I thought the water would pull heat away from the fermenter, leaving the fermenter cooler than the surrounding environment. This would be the same theory for the wet towel and fan, as just like the principle behind sweating or a dog panting, it would cool the fermenter below the surrounding temp.
 
So if pitched warm does the sulfur go away? I pitched some Pacman slurry from a batch of Ruination ( I love how Pacman performs btw) and the wort felt slightly warm but not more than I have ever experienced. 2 Days later I am getting a fair amount of sulfur from my AB. I am hoping it will go away...
 
TriggerFingers said:
So if pitched warm does the sulfur go away? I pitched some Pacman slurry from a batch of Ruination ( I love how Pacman performs btw) and the wort felt slightly warm but not more than I have ever experienced. 2 Days later I am getting a fair amount of sulfur from my AB. I am hoping it will go away...

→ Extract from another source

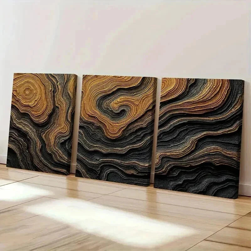 3pcs Abstract Black and Golden Bold Earthy Wall Art Set Canvas Framed 40x60cm - High Quality Print 100% Australian Made Wall Canvas Ready to Hang
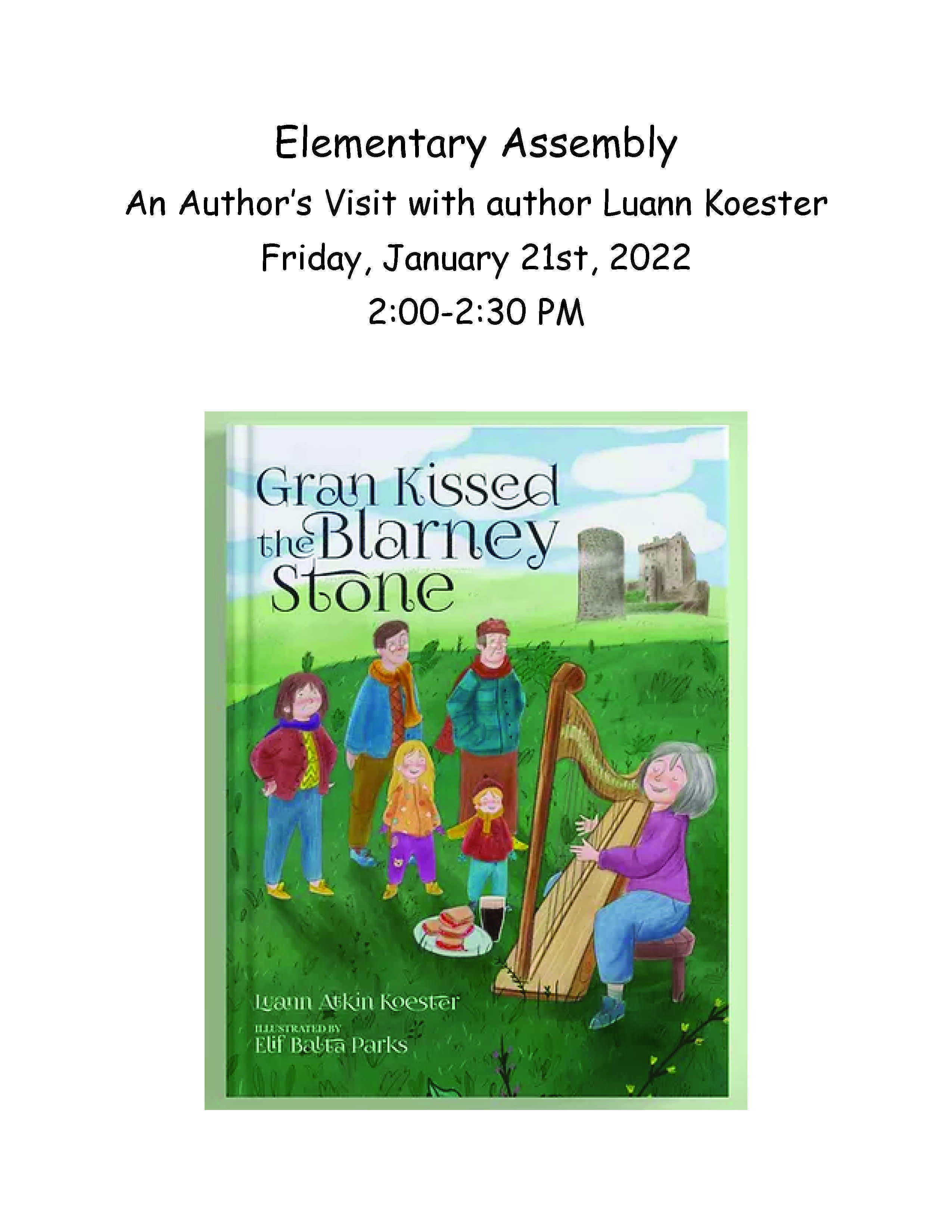Luann Atkin Koester will be facilitating a series of writer workshops for 7-12 Grades from 8-2:00 on January 21, 2022.

Don't wanna step on any toes here, but why would Stone (Ruination) be using Rogue Pacman yeast? Moreover, you gotta let thins get pretty warm before Pacman starts casting sulfur and I've not heard of Chico throwing sulfur at all. Might be something else going on?
 
Don't wanna step on any toes here, but why would Stone (Ruination) be using Rogue Pacman yeast? Moreover, you gotta let thins get pretty warm before Pacman starts casting sulfur and I've not heard of Chico throwing sulfur at all. Might be something else going on?

I had both 007 and Pacman and decided to use Pacman ala Yooper. Anyway, so after a day of the sulfur smell in my AB, its bubbling away and the sulfur smell is completely gone from the airlock!! :rockin: I am stunned because all I changed was to bring the fermenter in from my outside closet into the laundry room (warmed it up to mid 60's)---that's it.

I have no idea what is going on but these yeasties are something! I just want to know what caused the sulfur odor and why it went away?